3

When I use the following script, I get double characters. Why?

$clean_lastname = "Dür";
$clean_lastname = preg_replace("/[ùúûü]/", "u", $clean_lastname);
echo $clean_lastname;

Output: Duur

I want it to be Dur.

I am still doing something wrong... What's up with the 'putting one value of an array in the preg function?
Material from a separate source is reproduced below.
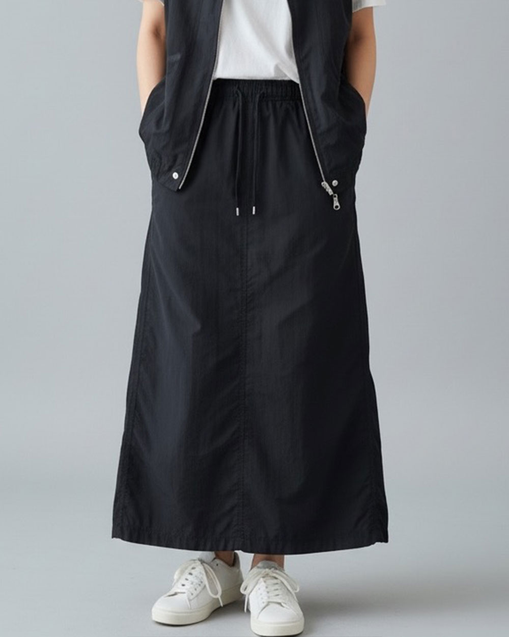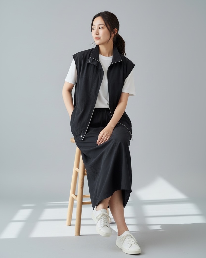 質感與實穿兼具的必備神裙!100%尼龍打造防潑水挺括面料,全鬆緊腰頭搭配抽繩,舒適不勒身。大口袋設計實用又有型,經典黑色百搭無敵。無論通勤或戶外活動,都能輕鬆穿出俐落的機能時尚感!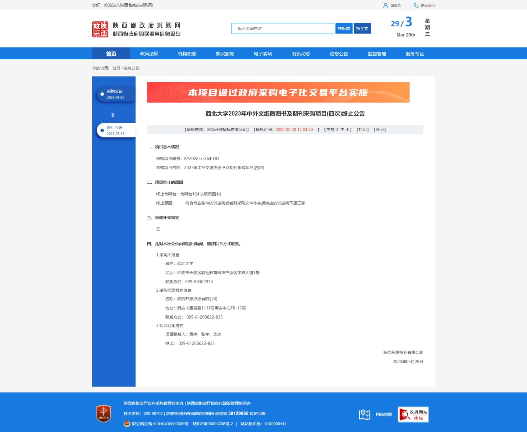 九游会在线登录官网2023年中外文纸质图书及期刊采购项目(四次)终止公告 作者: 编辑:采购与招标办公室 时间:2023-03-29 原公告链接:http://www.ccgp-shaanxi.gov.cn/freecms/site/shaanxi/ggxx/info/2023/8a69c402865ce80c0187274b628268bb.html?noticeType=001004¬iceId=705c8589-cd48-11ed-9a8e-08c0eb20c666

$clean_lastname = "Boerée";
$l = 0;
$pattern = array('[ÀÁÂÃÄÅ]','[Ç]','[ÈÉÊË]','[ÌÍÎÏ]','[Ñ]','[ÒÓÔÕÖØ]','[Ý]','[ß]','[àáâãäå]','[ç]','[èéêë]','[ìíîï]','[ñ]','[òóôõöø]','[ùúûü]','[ýÿ]');
$replace = array(A,C,E,I,N,O,Y,S,a,c,e,i,n,o,u,y);

foreach ($pattern as $wierdchar)
{
    $clean_lastname = preg_replace('/$wierdchar/u', '$replace[$l]', $clean_lastname);
    $l++;
}

//$clean_lastname = preg_replace('/[èéêë]/u', 'e', $clean_lastname);

//$clean_lastname = strtr($clean_lastname, "ùúûü","uuuu");
echo $clean_lastname;
Peter Mortensen
  • 30,738
  • 21
  • 105
  • 131
Thijs
  • 387
  • 5
  • 20

4 Answers4

2
$clean_lastname = str_replace(array('ù', 'ú', 'û', 'ü', 'Ù', 'Ú', 'Û', 'Ü'), array('u', 'u', 'u', 'u', 'U', 'U', 'U', 'U'), $clean_lastname);

// OR to solve your initial issue:

$clean_lastname = preg_replace('/[ùúûü]/u', 'u', $clean_lastname);
Paul Norman
  • 1,621
  • 1
  • 9
  • 20
  • 1
    I solved it!! i need preg_replace with a u modifier!! Thank you Soooo!! much! i was really lost!! – Thijs Dec 16 '10 at 18:00
2

The only situation I can image this to happen is when your two strings (the input string and the pattern) have a different character encoding or both are UTF-8 but you didn’t specify it properly.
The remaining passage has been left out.